Gene expression analysis revealed that B. goodwinii has a substantial transcriptomic response to oak sapwood tissue 2 h post inoculation (HPI), significantly differentially expressing 39 genes (p < 0.05; 35 upregulated and four downregulated) (figure 3a). Upregulated genes were mostly sugar transport/catabolism (n = 11) and general metabolism genes but also included an anti-bacterial gene, the type I secretion protein colicin V (attacks closely related bacteria) [36]. This effect is not found in oak phloem tissue (figure 3b), indicating that B. goodwinii is stimulated by glucose and xylose rich sapwood tissue which it can use as a sugar source.

In co-culture, 2 HPI with G. quercinecans, B. goodwinii significantly differentially expressed genes which were not expressed in axenic B. goodwinii culture (n = 14 in phloem; n = 13 in sapwood) (figure 3i). This response was found in both oak phloem and sapwood tissue (figure 3i–l), with upregulated genes including those associated with sugar depolymerization, which hydrolyse long chain sugar polymers such as α-N-arabinofuranosidae (E.C. 3.2.1.55), bacterial α-l-rhamnosidase (E.C. 3.2.1.40) and β-galactosidase (E.C. 3.2.1.23). These enzymes degrade plant tissue by breaking glycosidic linkages in the pectic polysaccharide, rhamnogalacturonan-II [37] and hemicellulose [38]. In sapwood at 2 HPI (figure 3a), flagellar motility genes (n = 2) were upregulated including the motility regulator fliA [39], indicating that sapwood and G. quercinecans stimulate the flagellar apparatus of B. goodwinii.

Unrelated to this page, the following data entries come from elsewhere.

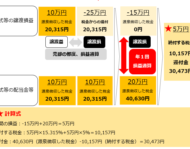 自動的な税金控除は、特定口座の中心的な特徴です。売却益や配当金からは、次のように税金が控除されます。
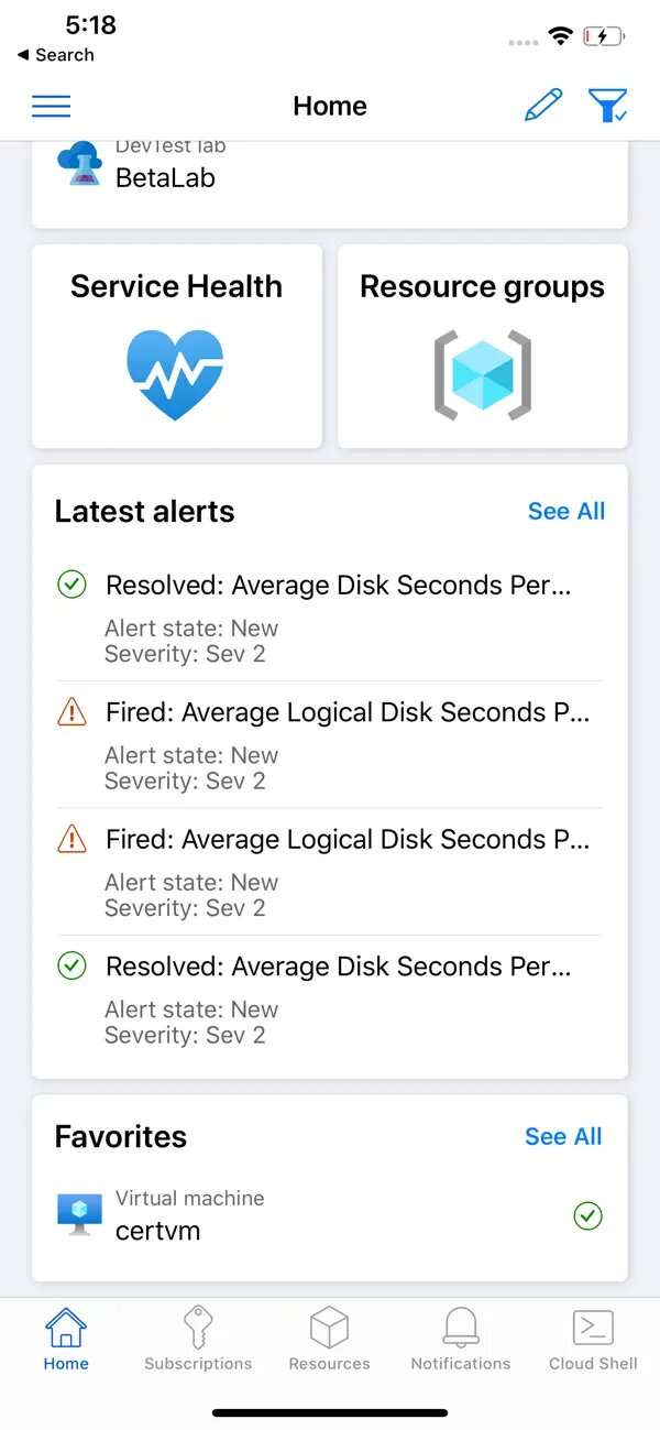 Microsoft Azure позволяет отслеживать и управлять вашей средой Azure с мобильного устройства.
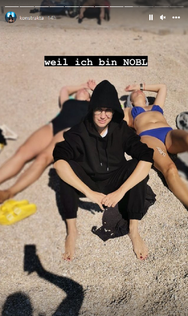 Naime, ona se pojavila u crnom duksu i trenerci istih tonova, umesto u kupaćem kostimu.
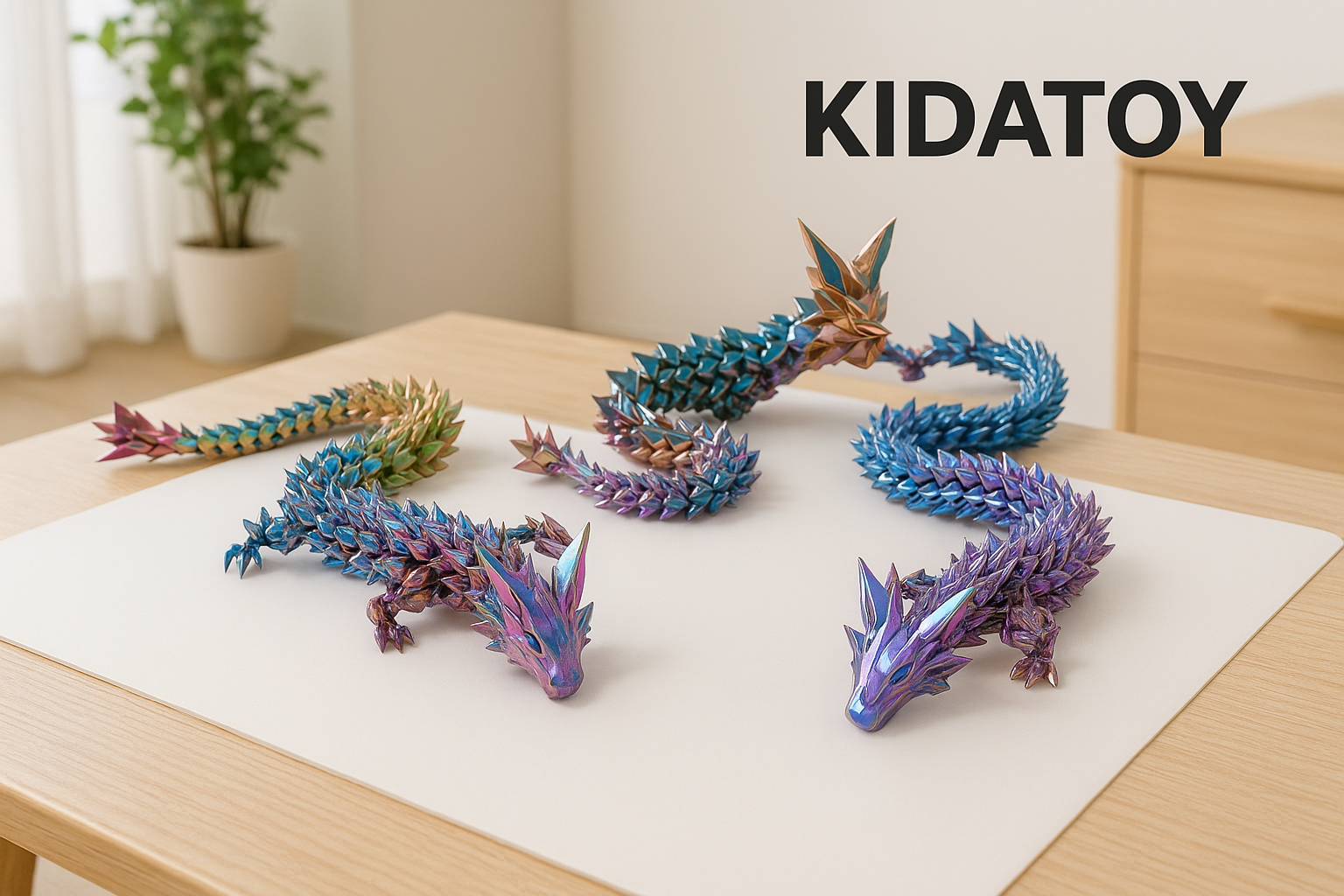 The KIDATOY Toy Model 3D Printed Dragon is a stunning articulated dragon that adds a touch of magic to any space. Made using advanced 3D printing technology, this crystal-like dragon features movable joints, allowing for dynamic poses and play. It serves not only as a fun fidget toy but also as a unique piece of decor for your home or office. Perfect for those who appreciate art and fantasy, this dragon makes a great desk accessory that can inspire creativity and spark conversation!
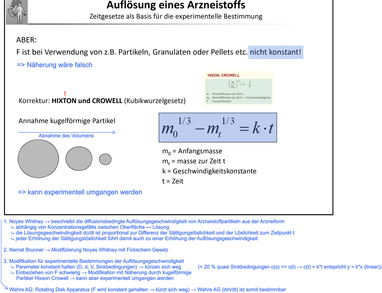 F (Oberfläche des Feststoffen), ist bei Verwendung von z.B Partikeln, Granulaten or Pellets etc. nicht konstant –> Näherung wäre Falsch, daher korektur da die Fläche während dem auflösen kleiner wird.

(g). Gibbsiella quercinecans has a substantial upregulation of genes towards oak phloem tissue but not sapwood

The environmental reservoir and ecological niche of G. quercinecans is unconfirmed. However, it is a robust bacterium that can survive in harsh environments [40] and is consistently isolated from AOD lesions where it may contribute to tissue necrosis [18]. Evidence provided here reveals that G. quercinecans is differentially stimulated by oak phloem (figure 3f) and may assist B. goodwinii in colonizing this environment by inducing expression of hitherto unexpressed genes (figure 3j,l).

Here, G. quercinecans significantly differentially expressed 42 genes in single inoculations with phloem tissue at 2 HPI (32 upregulated and 10 downregulated) (figure 3f). A large number of upregulated genes are involved in sugar catabolism/transport (n = 10), but also upregulated were general metabolism genes, the type IV secretion system (T4SS) component virB4 and a key PCWDE—rhamnogalacturonan lyase (E.C. 4.2.2.23). The in vitro environment, containing oak phloem and sapwood, may mirror the environmental habitat of G. quercinecans, which has previously been isolated from rotting wood and has many saprophytic properties [18,40].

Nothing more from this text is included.